Around the world, climate disruption is making large-scale agriculture, small-scale farming, and even backyard gardening less predictable and reliable. School gardens will not be immune.
Here are some climate change strategies for school gardens.
These strategies are adapted, with deep gratitude, from Resilient Gardens for a Changing Climate, a presentation by Linda Gilkeson, a master gardener living on the coast of southwestern British Columbia, Canada, in zone 8 (USDA Plant Hardiness Zone Map for North America). But many of these strategies will be suitable for any zone or climate.
How do you feed the world without increasing emissions, fueling biodiversity loss and deforestation, or deepening inequality and poverty?

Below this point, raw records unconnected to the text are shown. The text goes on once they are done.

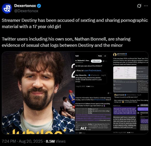 Remember, I’m defending Destiny here. My point is that, yes, of course, Destiny is a naturally revolting figure, but he isn’t revolting because he sexted a 17 year old girl. Had he castrated himself and purged himself of all sexual impulses, he would still be naturally revolting. The sexting of the 17 year old is entirely besides the point.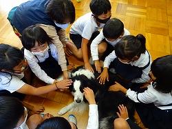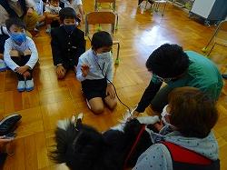 聴診器で、犬の心臓の音を聞いたり、あいさつをしてから、触ったりしました。犬と出会った時「電柱」や「岩」になることも学びました。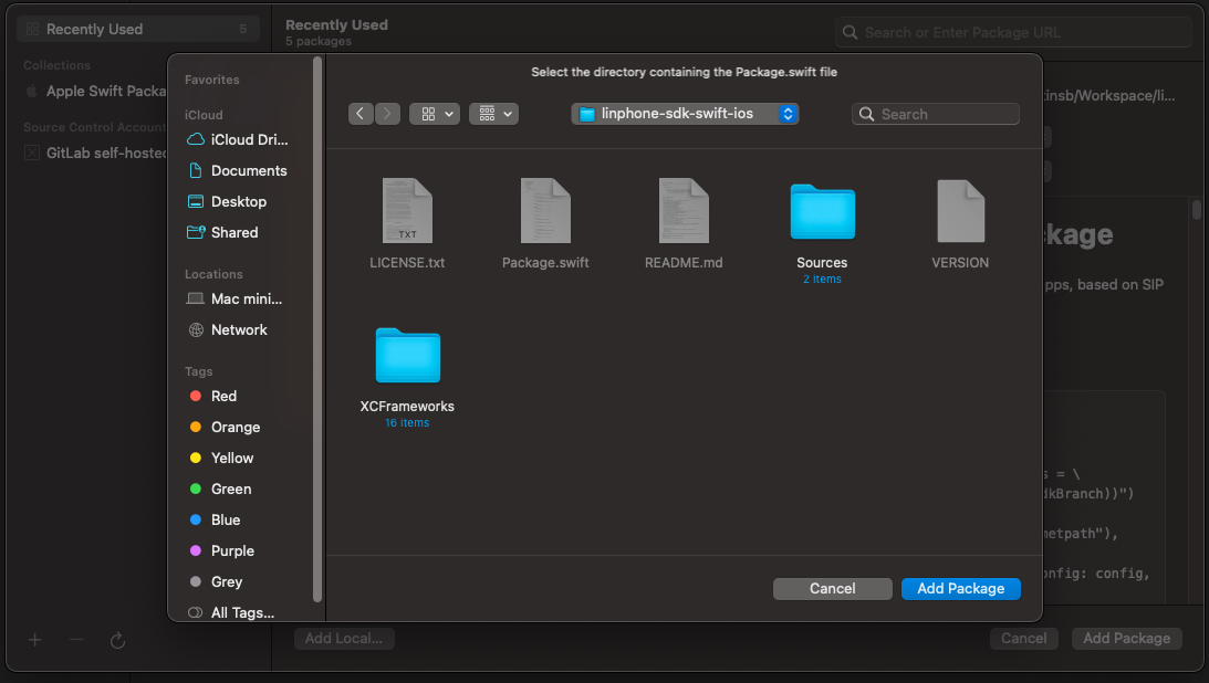 • Follow your path: yourSdkPath/linphone-sdk/spm-ios/linphone-sdk-swift-ios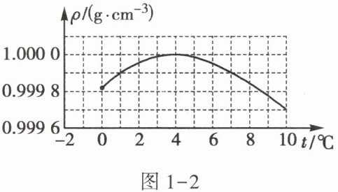 3. 水具有反常膨胀的特性。如图1-2所示为水的密度在0~10℃范围内随温度变化的曲线。根据图像可知,温度等于____℃时,水的密度最大;0~4℃,水具有____(选填“热胀冷缩”或“热缩冷胀”)的性质。水的反常膨胀特性,保证了湖底的水温始终保持在____℃左右,保护了水底生物。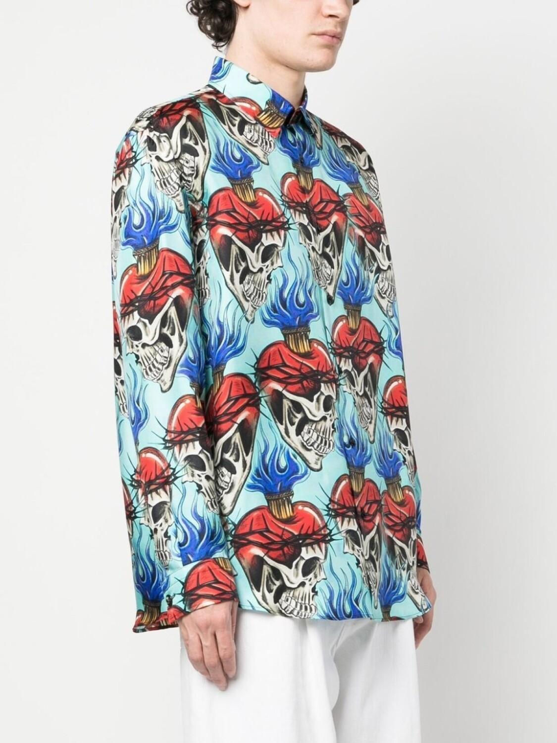 Синий, разноцветный, шелк, принт с изображением черепа, классический воротник, застежка на пуговицах спереди, длинные рукава, манжеты на пуговицах и закругленный подол.
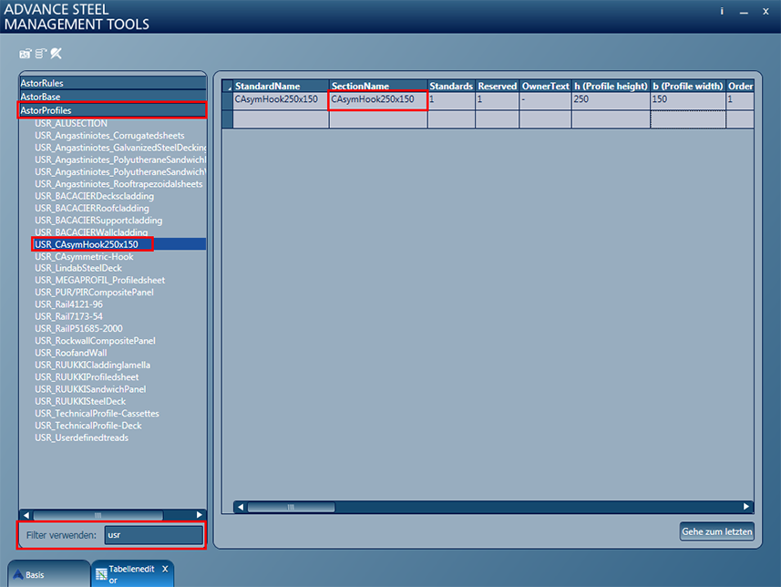 - Suchen Sie in der Datenbank AstorRules mithilfe des Filters nach der Tabelle RULE_StairStringerUserSections.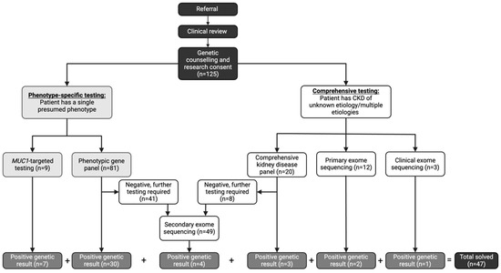 - Schott, C.; Arnaldi, M.; Baker, C.; Wang, J.; McIntyre, A.D.; Colaicovo, S.; Relouw, S.; Offerni, G.A.; Campagnolo, C.; Nyatten, L.R.V.; et al. Implementation of a kidney genetic service into the diagnostic pathway for patients with chronic kidney disease in Canada. Kidney Int. Rep. 2025, 10, 574–590. [Google Scholar] [CrossRef] [PubMed]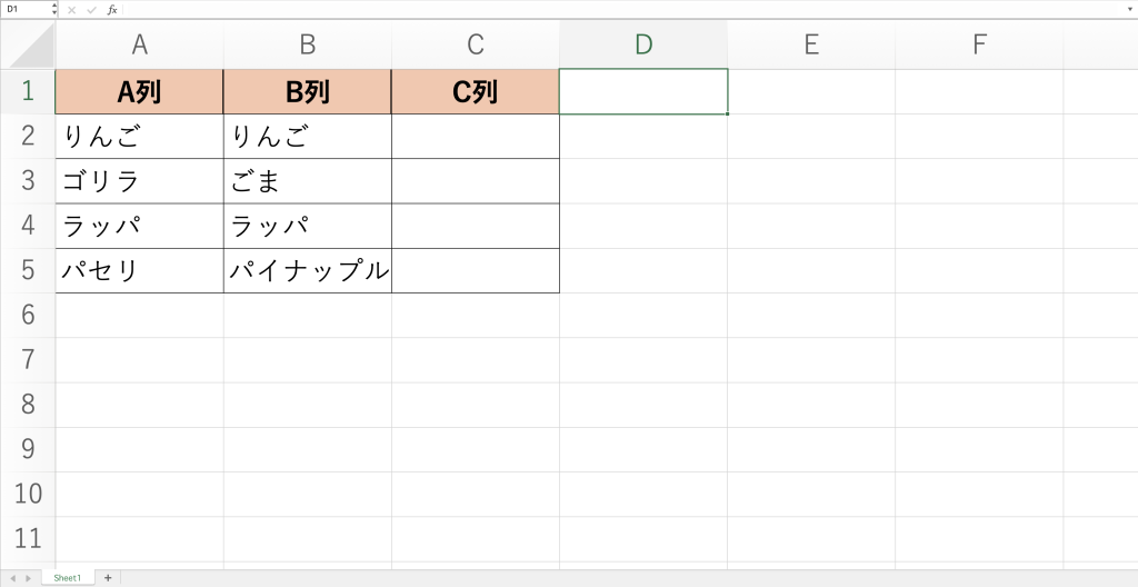 例えば、こちらのようなExcelデータがあるとして、A列とB列で重複しているセルをC列へ記載したいとします。

— Princeton School of Public and International Affairs
How we use land for food production also affects greenhouse gas emissions, biodiversity, urban sustainability, human migration, and so many other areas. Food touches every part of human existence, providing a way of making people aware that how they eat can do much environmental good.
— Daniel Rubenstein, Princeton University
School gardens, depending on their location, are sure to be impacted by:
Climate changes disrupt the seasonal adaptations already made by plants within the school garden ecosystem.
Please read the following effects on school gardening keeping in mind the possibilities for science observations and experiments. Students must, in a sense, become soil scientists and plant biology researchers, observing and tracking weather and its impacts in the garden.
Greater warmth can increase growth rates or mature plants earlier (putting plants on "fast forward"). But then unseasonable weather events like late frosts can weaken or harm that new growth.
High heat (above 35ºC or 95ºF) or low temperatures (below 5ºC or 41ºF) can slow or stop photosynthesis! During heatwaves, plants use up their sugars faster, making them bitter or less flavourful.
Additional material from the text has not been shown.